Çek kural olarak bir ödeme vasıtası olup, mevcut bir borcun ifası amacıyla verildiğinin kabulü gerekir. Bu karinenin aksini ileri süren taraf karinenin aksini ispatla yükümlüdür. Dava konusu olayda davacı taraf çeklerin önceden avans olarak verildiğini ileri sürmekte, davalı taraf ise çeklerin avans olarak verildiğini kabul etmeyip, mevcut alacağına karşılık ve karşılıklı mutabakat sağlandıktan sonra bu çeklerin alındığını savunmaktadır.

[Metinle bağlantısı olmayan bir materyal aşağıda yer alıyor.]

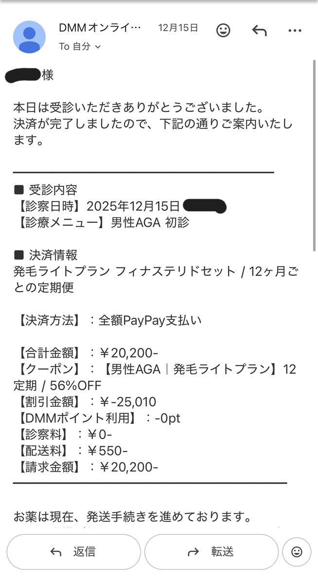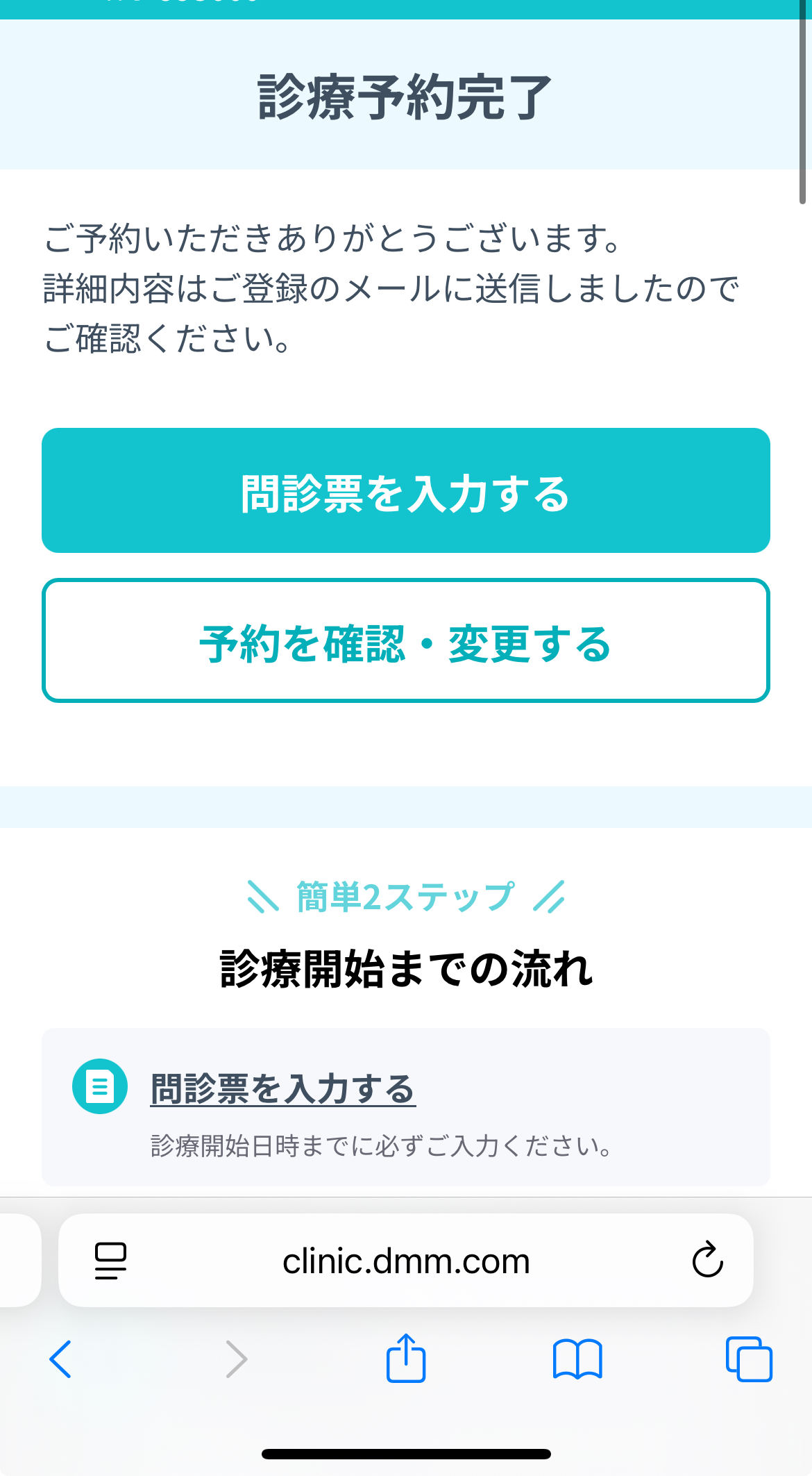 また、DMMの会員登録の作業を含めても、予約~登録~問診まで約10分で終えられました。

Davaya konu edilen çeklerin keşide tarihi 30/06/2015 , 30/07/2015 ve 30/08/2015’tir. İncelenen tarafların ticari defter ve kayıtlarına göre ise taraflar arasındaki ticari ilişkinin 2010 yılından itibaren başladığı ve 2015 yılına kadar devam ettiği anlaşılmaktadır. Dolayısıyla ticari ilişkinin 2010 yılından itibaren başlaması ve çeklerin de keşide tarihlerinin 2015 oluşu göz önüne alındığında, bu husus davalının söz konusu çeklerin mevcut alacağa karşılık verildiği savunmasını doğrulamaktadır. Kaldı ki dosyaya sunulan 10/09/2014 tarihli taraf şirketlerin yetkilileri tarafından düzenlenen belgede de ….-TL bedelli çekin nakit verilen paralar karşılığı teminat çeki olarak alındığı kararlaştırılmıştır.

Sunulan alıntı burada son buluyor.